For those of you who know me well, you know I love me some granola! The trouble with making your own granola is that it can take a while in the oven to get it right. My oven granola takes about 40 minutes on low heat and then a little more time just sitting in the warm oven to get the right crunch factor. While it tastes great and totally worth the effort, sometimes I don’t have time to babysit granola. I’ve discovered that making this super quick and easy skillet granola has saved me time in the kitchen and allowed me to have one of my most favourite breakfasts and snacks in a hurry. Give it a try and let me know what you think!

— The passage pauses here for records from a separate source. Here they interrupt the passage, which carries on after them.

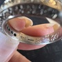 This is a gorgeous band that is really heavy. It's one of the things I really like about it. It's over 8 g of solid platinum. It is a size 6, and it is have a diamonds on all three sides which is really nice as well. There is an inscription on the inside with initials which I think makes things so much more romantic!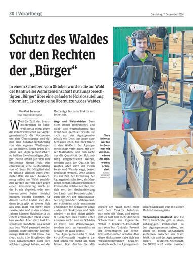 In einem Schreiben vom Oktober wurden die am Wald der Rankweiler Agrargemeinschaft nutzungsberechtigten „Bürger“ über eine geänderte Holzloszuteilung informiert. Es drohte eine Übernutzung des Waldes.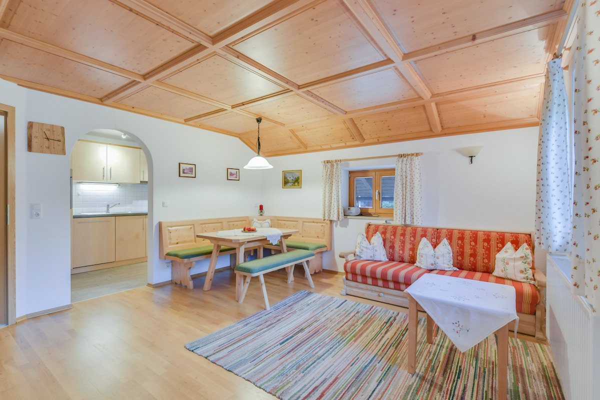 Στη νότια άκρη του Höfen βρίσκεται το άνετο εξοχικό σπίτι. Από το φωτεινό διαμέρισμα διακοπών, που ανακαινίστηκε πρόσφατα, έχετε μια φανταστική, εντελώς ελεύθερη θέα στα βουνά. Μπορείτε να κάνετε διακοπές εδώ με 4 άτομα (εκ των οποίων 2 παιδιά). Το πιο άνετο μέρος του διαμερίσματος είναι το καθιστικό και η τραπεζαρία στο βεράντα που βλέπει νότια. Θα νιώθετε ότι βρίσκεστε μέσα στη φύση. Η κουζίνα είναι πλήρως εξοπλισμένη με πλυντήριο πιάτων, 4 εστίες κεραμικής, φούρνο, τοστιέρα κ.λπ.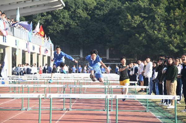 12月6日上午,开幕式结束后,随着运动员们检录完毕,男女子百米跑径赛瞬间点燃了师生们的热血之心。运动员们蓄势待发,只待发令员一枪令下。运动场看台上,同学们挤满了整个围栏,用最大的声音为运动员加油助威。跑道这边的一百米、四百米运动健儿们正以箭矢中的之势直击终点,不远处的高一男子组跳高也架上了杆子,各班健儿们摩拳擦掌试比高;跳高场小跑道围成的同心圆中熙熙攘攘,呐喊声、快门声、欢呼声一时齐发,此起彼伏。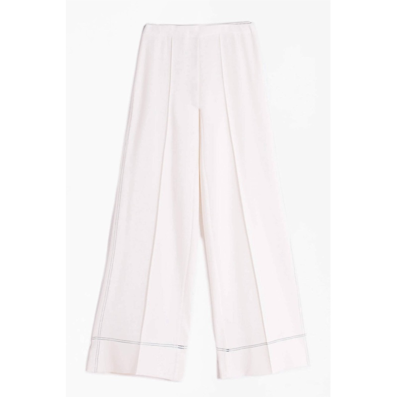 Discover the Women's Beatriz Trouser by Vilagallo, a chic addition in an off-white shade. These ankle-length trousers boast a wide-leg design with a relaxed fit, featuring a deep cuff with eye-catching black contrast stitching. Crafted from 95% polyester a

Quick & Easy Skillet Granola
- 2 cups oats old fashioned
- 1/2 cup raw nuts almond, cashew, walnut, pecans or a mixture of these
- 1/4 cup raw seeds pumpkin, sunflower or sesame
- 1/4 cup unsweetened coconut shredded
- 1/4 cup real maple syrup
- 1 tbsp organic butter or coconut oil
- 1/4 tsp cinnamon
- 1 dash sea salt
- Pretend you are on a television cooking show and have everything ready to go in small bowls before you begin cooking. The granola toasts quickly and you won't have much time to measure ingredients while you are cooking. (I burnt my first batch.) In a large cast iron skillet, toast the oats, nuts and seeds over medium high heat. Watch closely as you don't want it to burn. This will take about 2-3 minutes and the mixture will start to turn a little golden. Add the maple syrup, coconut oil or butter, cinnamon & salt. Cook this for another 3-4 minutes. Remove from heat and leave in pan until granola has cooled and hardened into tasty crunch bits and pieces. Store in mason jars. Enjoy with yogurt or on ice cream.